15.7.06

Où l’on voit que la nuit trouve notre héros.

Elle n’y manquait d’ailleurs jamais, ce qui n’était pas pour déplaire au héros en question. Si la tâche lui était revenue à lui, en effet, aurait-il vraiment pu être certain de la trouver? Chaque soir? L’entreprise serait, à tout le moins, risquée. Mais heureusement, les choses étant ce qu’elles sont, notre héros n’avait même pas à retourner cette idée dans sa tête. Alors, sirotant un petit verre de rhum, il se disait en lui-même que la vie est bien faite, tout de même.

La nuit l’avait trouvé malgré la chaleur, la nuit l’avait trouvé malgré l’humide indifférence des choses.
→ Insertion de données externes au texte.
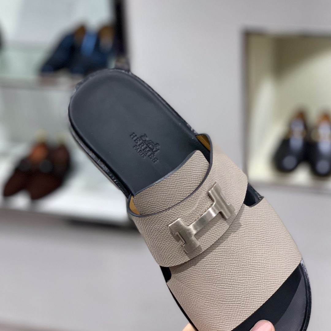 HM Men's Slide Beige Cowhide 567151

Dans cette touffeur, si l’on pouvait dire, le goût du rhum coulait à merveille, tropicalement, exactement comme une rivière se creuse un lit à sa mesure dans le terrain qui l’accueille. Et comme la rivière devient le terrain, et le terrain la rivière, le rhum devenait un peu notre héros, et inversement. La frontière entre les choses, se disait-il donc en portant attention au goût de sucre brûlé, est si relative...

Il parcourait d’ailleurs avec une certaine agilité la frontière entre veille et sommeil. Il se disait qu’en continuant ainsi un certain temps, ou même un temps certain, il pourrait devenir un funambule du somme-veille, la frontière quittant d’abord le sol (où elle ne s’était évidemment jamais vraiment trouvée, mais il faut bien respecter les images) pour s’élever jusqu’à devenir fil hautement tendu entre ces deux états de la conscience. Et notre héros de s’imaginer marchant lentement sur le filin ésotérique, glissant avec adresse un pied chaussonné après l’autre pour avancer, tout simplement, sans aucun désir de se rendre de l’autre côté.

Alors, quel désir pouvait bien agiter notre héros (pour peu qu’il connût la faiblesse d’en posséder)? Aucun, si ce n’est celui de tomber (par accident?) pour connaître dans quoi l’on chutait quand on lâchait prise, quelque part sur le chemin qui lie veille et sommeil.